Contenuti e articolazione

Le fasi del processo di premiazione saranno le seguenti:

  1. Individuazione dei casi, tramite segnalazioni;
  2. Selezioni intermedie, tramite il Comitato Promotore e la Giuria;
  3. Assegnazioni, tramite la Giuria.

Saranno assegnati due riconoscimenti principali, uno per il mondo dell’impresa, uno per le istituzioni pubbliche. I riconoscimenti, a discrezione della Giuria, potranno essere unificati. Sono previste menzioni speciali.

La Giuria terrà conto di:

  • contesti particolari (territoriali, di periodo, di ambito di attività, di categoria) in cui l’esercizio di funzioni pubbliche e private - attenendosi al rispetto della legge - sia risultato o stia risultando particolarmente problematico; 
  • l’operato di particolare rigore e puntualità da parte del candidato/candidati.
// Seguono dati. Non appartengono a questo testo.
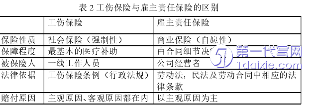 二者的最大两个区别在于性质和保障程度。工伤保险是一种社会保险,覆盖面更广,但是保障程度较低,无法弥补雇员因工伤遭受的损失;雇主责任险则是一种商业保险,需要雇主这一被保险人与保险公司签订保险合同,覆盖面较为狭窄,但保障程度可以根据保费的多寡来进行灵活调节,主要不是雇员故意为之或者存在重大过失,保险公司都可以保障雇员受伤遭受的损失。但工伤保险一般不会考虑是否存在雇员故意或者重大过失等问题,其可以作为雇主责任险的附加险而存在。另外,工伤保险中有较为明确的法律条款作为依据,而雇主责任险却并没有明确的法律条款进行依据的赔偿,只能适当的从《劳动法》、《民法》中的相关条款进行依据,二者的主要不同可见表2所示。

L’orientamento del Premio sarà particolarmente attento ai “gruppi informali”, alle “pratiche virtuose diffuse e a “casi minori” non noti alla pubblica opinione, anche al fine di veicolare la prospettiva di “percorsi diffusi” in Italia.
Costruire un contesto di exempla - anche del passato - che decostruisca la percezione di “singoli atti isolati” consentirà di evidenziare “i molti Giorgio Ambrosoli” che quotidianamente presidiano lo stato di diritto e la legalità.

Il Premio non sarà al “caso dell’anno”, ma anno dopo anno si valorizzeranno vicende meritorie sia del passato, che del presente.

Il Premio promuoverà durante l’anno seminari di studio, momenti di confronto pubblico, convegni e collaborazioni con le università e con altre organizzazioni della società civile.

Particolare attenzione verrà attribuita all’aspetto educativo: sono contemplate specifiche attività dirette ai giovani che abbiano saputo o intendano avviare iniziative/realizzare pratiche di cultura della legalità, in stretto raccordo con il mondo della scuola e dell’università.

Il periodo per la data di consegna del riconoscimento è stata individuata dal Comitato Promotore fra la fine di febbraio e l’inizio di marzo di ogni anno, con riferimento alla data del 25 febbraio 1975 in cui Giorgio Ambrosoli scrisse la lettera alla moglie Annalori.

Il Premio si colloca in una prospettiva che va oltre la dimensione nazionale, in ragione sia della collocazione internazionale delle vicende della liquidazione di Banca Privata Italiana, sia del riferimento autografo di Giorgio Ambrosoli alla “patria” italiana e a quella europea. In questo senso si prefigge di concorrere ad agevolare il rafforzamento di standard condivisi per la legalità e lo stato di diritto a livello inter- e sovra-nazionale.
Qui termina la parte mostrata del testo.